If you use the Internet, you likely have heard or read rumblings about legislation currently in Congress about Internet piracy. SOPA and PIPA were the inspiration for a blackout of several major web sites this week over concerns that the legislation would ‘break’ the Internet through their requirements, and change the nature of what and how we share online.

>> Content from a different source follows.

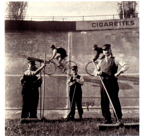
Vélodrome, Zurich-Oerlikon, années trente.

If you’re interested in the larger dynamics at work, particularly related to creative content in an online world, take a look at Clay Shirky’s recent talk at the TED offices. Useful. Thoughtful. Kinda scary, too.
Fred E. Vanosdall says
This presentation is for a very specialized audience. In order to comprehend the government’s
intervention in the organizations represented by the presenter; it should be written so it can be slowed down and thought through.
Tex says
I think his analogy of the cake shop is pretty good. But it’s sensationalist, and he still fails to explain the predicament. Have you seen the Khan explanation? It’s golden:
http://www.khanacademy.org/video/sopa-and-pipa?playlist=American+Civics
Daniel says
The truth is, the premise of the entertainment monopolies was very simple. They want to completely control the flow. Kind of makes sense for them. Not for us. The point is, distribution via the Internet is a brand new era. Let’s get to it. It will not have these billionaires who run a declining number of industries that control huge swaths of information demanding first, the power to impoverish, the power to enforce a statute as though it was their private domain… which they kind of make it…
Our copyrights need to be reexamined. They have been growing to longer and longer periods, for less and less durable reasons. If the author is alive, in some way he should be paid even after the initial publishing. A database of copyrights should be kept by legislation and authors should be a small royalty paid by e-money for each time someone reads it.
The thing is, these barons of media are worse than clueless. This industry will reshape, and I want it reshaped by the greatest distribution system yet devised: the Internet.
Despite their monopoly in state-of-the-art broadcast equipment which made the TV industry a “license to print money” for the entire postwar period now, there’s no guarantee of it continuing. On the contrary, these barons, in 20 years, will have adapted their business models to the Internet, or they will be dead.